Abstract

COMPRI, Mariane B.; SAAD, Sara T. O.  and  RAMALHO, Antonio Sérgio. G-6-PD deficiency in a Brazilian community: an investigation involving epidemiological genetics and molecular techniques. Cad. Saúde Pública [online]. 2000, vol.16, n.2, pp. 335-342. ISSN 0102-311X.  http://dx.doi.org/10.1590/S0102-311X2000000200004.

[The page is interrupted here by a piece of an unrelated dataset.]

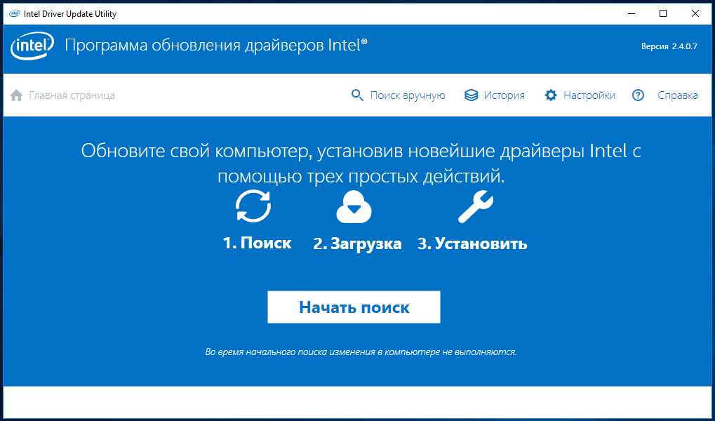 Затем переходим по адресу www.intel.ru/content/www/ru/ru/support/detect.html, скачиваем программу для поиска и обновления драйверов Intel, устанавливаем и запускаем её.

This paper reports on a study of the G-6-PD deficiency in Bragança Paulista, São Paulo State, Brazil. A total of 4,621 male blood donors were investigated over a 36-month period. Of these, 80 had the G-6-PD deficiency. Molecular analysis was performed on 70 unrelated G-6-PD deficients through DNA amplification followed by digestion with restriction enzymes and single strand conformation polymorphism analysis (SSCP). In 98.6%, the G-6-PD A^- (202 G®A) mutation was observed through digestion of exon 4 with Nla III. The presence of an uncommon mutation in exon 9 was also observed through SSCP. No case of the Mediterranean variant was observed. These results indicate that the A^- (202G®A) variant, almost exclusive, was introduced into the community not only by individuals of African origin, but also by European immigrants, mainly Italian, Spanish, and Portuguese. The Italian contribution in terms of the G-6-PD Mediterranean variant was smaller than its contribution to beta thalassemia, probably due to the Northern Italian origin of these immigrants.

Keywords : Glucosephosphate Dehydrogenase Deficiency; Community Genetics; Medical Genetics; Molecular Biology.